■ **Exercise brief**: Leave out the pictures and return every entry exactly as it appears.

■ **Given records**:
--- START ---
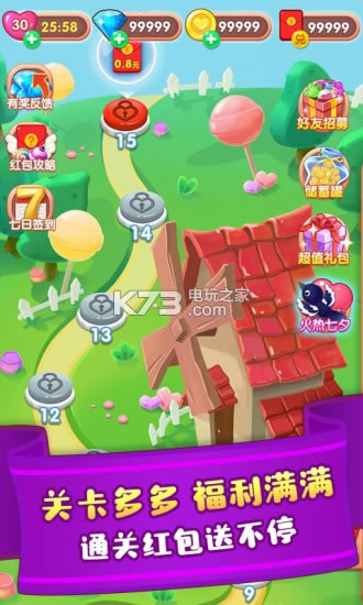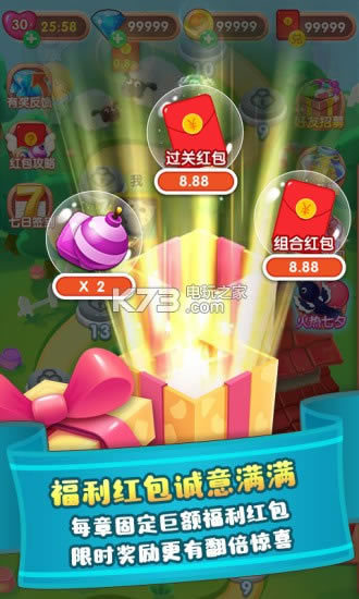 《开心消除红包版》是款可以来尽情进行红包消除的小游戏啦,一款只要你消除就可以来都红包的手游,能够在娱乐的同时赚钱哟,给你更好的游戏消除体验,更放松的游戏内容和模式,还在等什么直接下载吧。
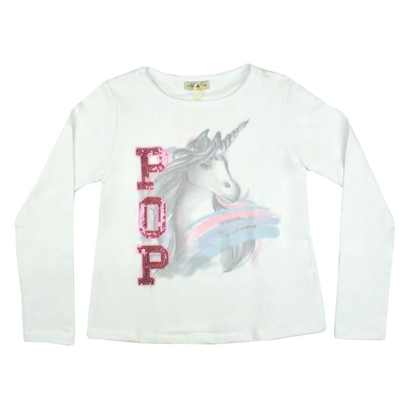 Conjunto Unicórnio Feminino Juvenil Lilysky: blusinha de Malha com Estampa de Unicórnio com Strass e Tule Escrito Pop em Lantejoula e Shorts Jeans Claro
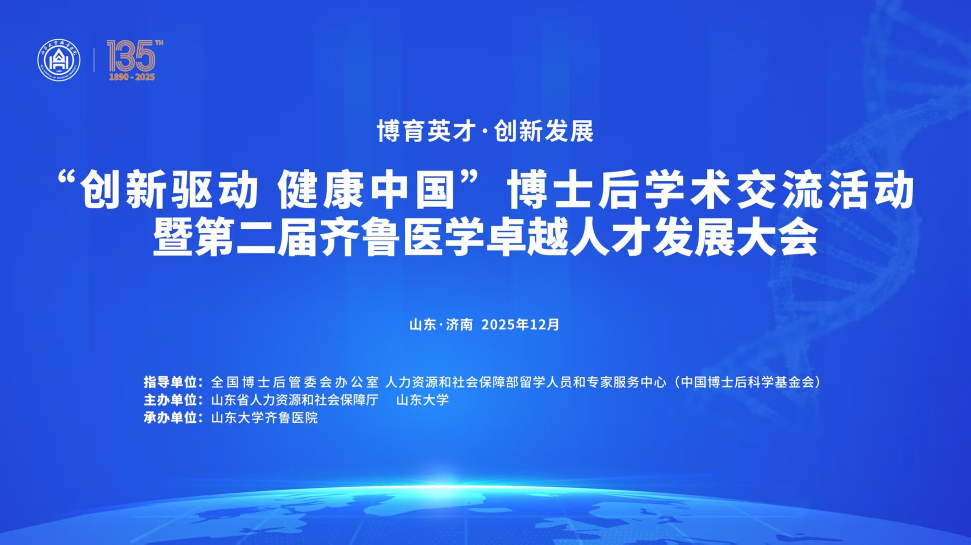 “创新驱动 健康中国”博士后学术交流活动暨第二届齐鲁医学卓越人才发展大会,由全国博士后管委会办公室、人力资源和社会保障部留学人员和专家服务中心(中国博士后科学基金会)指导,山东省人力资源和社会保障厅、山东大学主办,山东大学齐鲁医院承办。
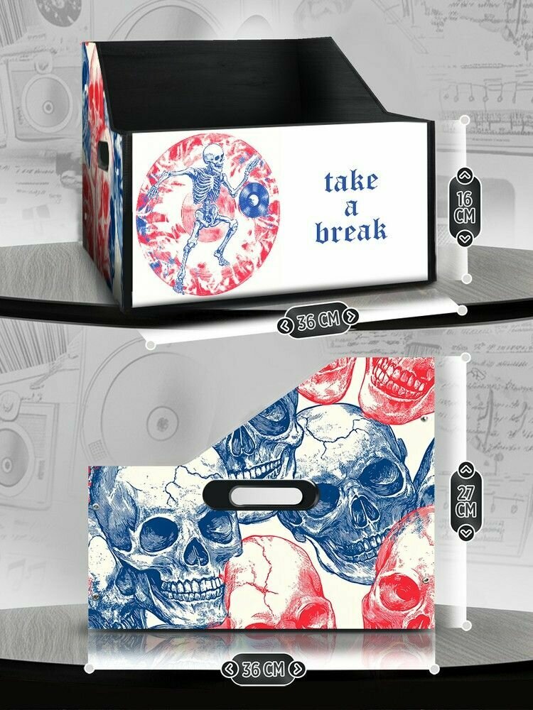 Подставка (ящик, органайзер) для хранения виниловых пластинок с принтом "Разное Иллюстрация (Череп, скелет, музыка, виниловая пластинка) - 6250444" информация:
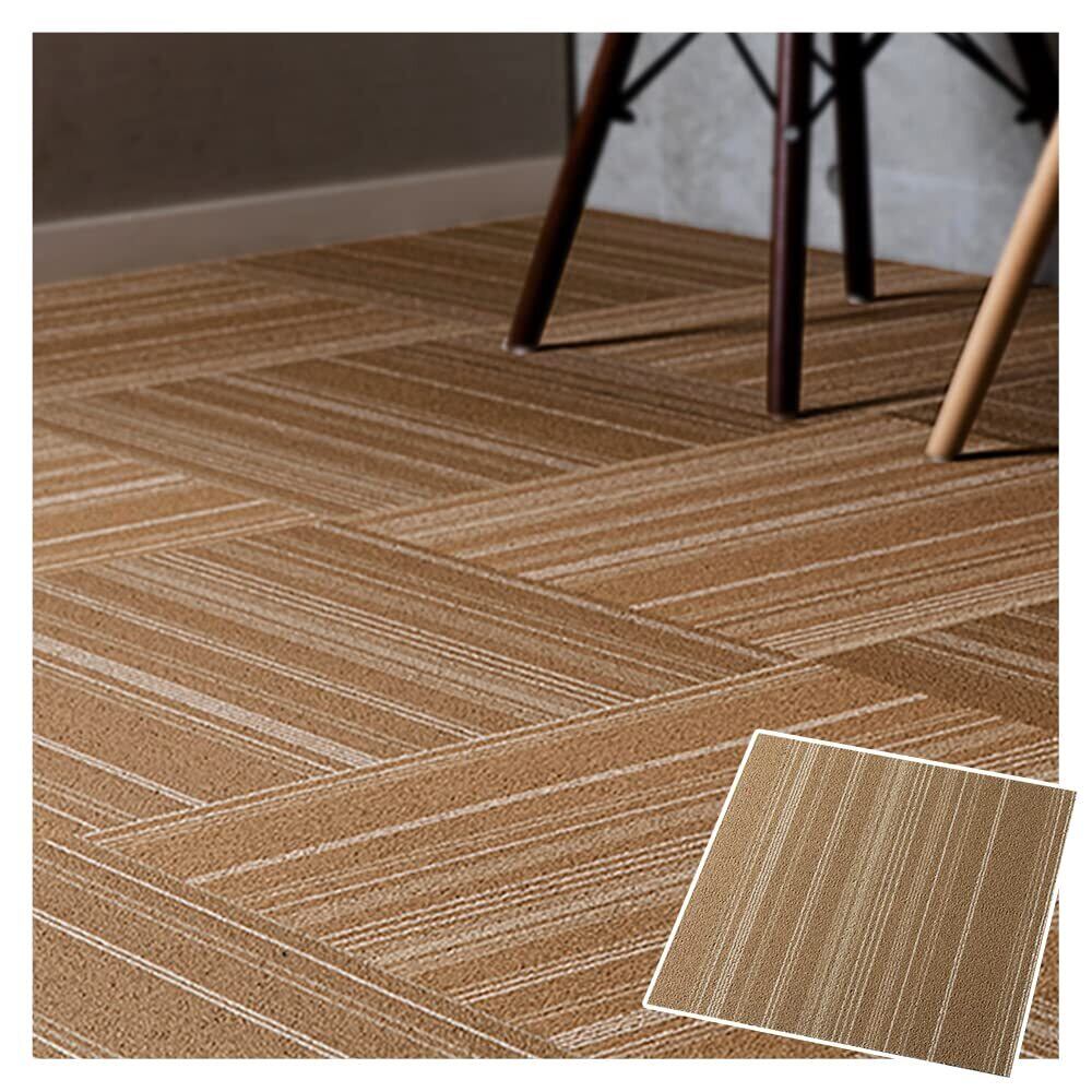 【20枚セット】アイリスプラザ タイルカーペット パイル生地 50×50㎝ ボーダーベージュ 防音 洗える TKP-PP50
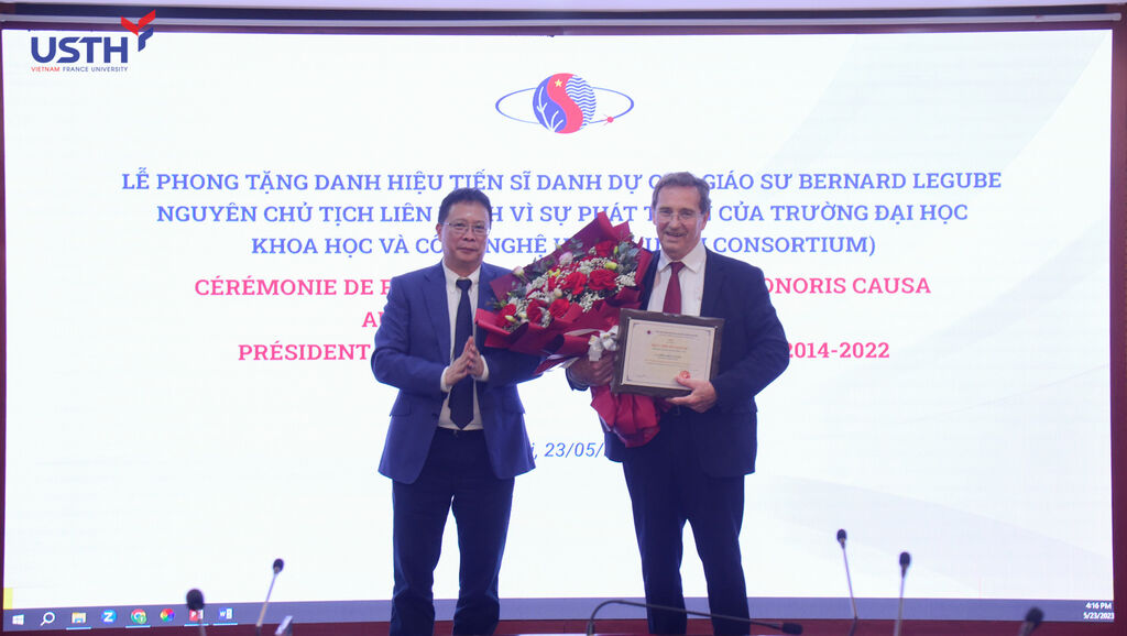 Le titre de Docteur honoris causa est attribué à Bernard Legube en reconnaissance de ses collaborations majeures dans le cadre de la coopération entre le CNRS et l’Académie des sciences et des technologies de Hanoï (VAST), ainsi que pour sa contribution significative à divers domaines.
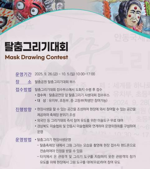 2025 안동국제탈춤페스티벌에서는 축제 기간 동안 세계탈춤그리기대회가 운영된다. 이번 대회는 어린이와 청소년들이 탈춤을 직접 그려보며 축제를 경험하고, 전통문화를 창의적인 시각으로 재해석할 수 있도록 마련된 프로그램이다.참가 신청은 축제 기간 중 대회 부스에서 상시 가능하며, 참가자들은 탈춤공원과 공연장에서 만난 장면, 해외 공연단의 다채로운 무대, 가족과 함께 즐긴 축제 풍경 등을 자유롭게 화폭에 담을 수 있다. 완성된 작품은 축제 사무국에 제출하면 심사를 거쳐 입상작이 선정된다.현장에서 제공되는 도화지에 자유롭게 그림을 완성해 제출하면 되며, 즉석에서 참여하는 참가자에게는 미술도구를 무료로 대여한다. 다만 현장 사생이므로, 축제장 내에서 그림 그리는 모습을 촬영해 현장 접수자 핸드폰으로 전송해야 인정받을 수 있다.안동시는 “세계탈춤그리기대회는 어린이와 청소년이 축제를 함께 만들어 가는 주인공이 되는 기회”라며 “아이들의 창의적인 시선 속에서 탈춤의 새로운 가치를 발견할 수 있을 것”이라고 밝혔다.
--- END ---
■ **Solution for this exercise**:
 《开心消除红包版》是款可以来尽情进行红包消除的小游戏啦,一款只要你消除就可以来都红包的手游,能够在娱乐的同时赚钱哟,给你更好的游戏消除体验,更放松的游戏内容和模式,还在等什么直接下载吧。
 Conjunto Unicórnio Feminino Juvenil Lilysky: blusinha de Malha com Estampa de Unicórnio com Strass e Tule Escrito Pop em Lantejoula e Shorts Jeans Claro
 “创新驱动 健康中国”博士后学术交流活动暨第二届齐鲁医学卓越人才发展大会,由全国博士后管委会办公室、人力资源和社会保障部留学人员和专家服务中心(中国博士后科学基金会)指导,山东省人力资源和社会保障厅、山东大学主办,山东大学齐鲁医院承办。
 Подставка (ящик, органайзер) для хранения виниловых пластинок с принтом "Разное Иллюстрация (Череп, скелет, музыка, виниловая пластинка) - 6250444" информация:
 【20枚セット】アイリスプラザ タイルカーペット パイル生地 50×50㎝ ボーダーベージュ 防音 洗える TKP-PP50
 Le titre de Docteur honoris causa est attribué à Bernard Legube en reconnaissance de ses collaborations majeures dans le cadre de la coopération entre le CNRS et l’Académie des sciences et des technologies de Hanoï (VAST), ainsi que pour sa contribution significative à divers domaines.
 2025 안동국제탈춤페스티벌에서는 축제 기간 동안 세계탈춤그리기대회가 운영된다. 이번 대회는 어린이와 청소년들이 탈춤을 직접 그려보며 축제를 경험하고, 전통문화를 창의적인 시각으로 재해석할 수 있도록 마련된 프로그램이다.참가 신청은 축제 기간 중 대회 부스에서 상시 가능하며, 참가자들은 탈춤공원과 공연장에서 만난 장면, 해외 공연단의 다채로운 무대, 가족과 함께 즐긴 축제 풍경 등을 자유롭게 화폭에 담을 수 있다. 완성된 작품은 축제 사무국에 제출하면 심사를 거쳐 입상작이 선정된다.현장에서 제공되는 도화지에 자유롭게 그림을 완성해 제출하면 되며, 즉석에서 참여하는 참가자에게는 미술도구를 무료로 대여한다. 다만 현장 사생이므로, 축제장 내에서 그림 그리는 모습을 촬영해 현장 접수자 핸드폰으로 전송해야 인정받을 수 있다.안동시는 “세계탈춤그리기대회는 어린이와 청소년이 축제를 함께 만들어 가는 주인공이 되는 기회”라며 “아이들의 창의적인 시선 속에서 탈춤의 새로운 가치를 발견할 수 있을 것”이라고 밝혔다.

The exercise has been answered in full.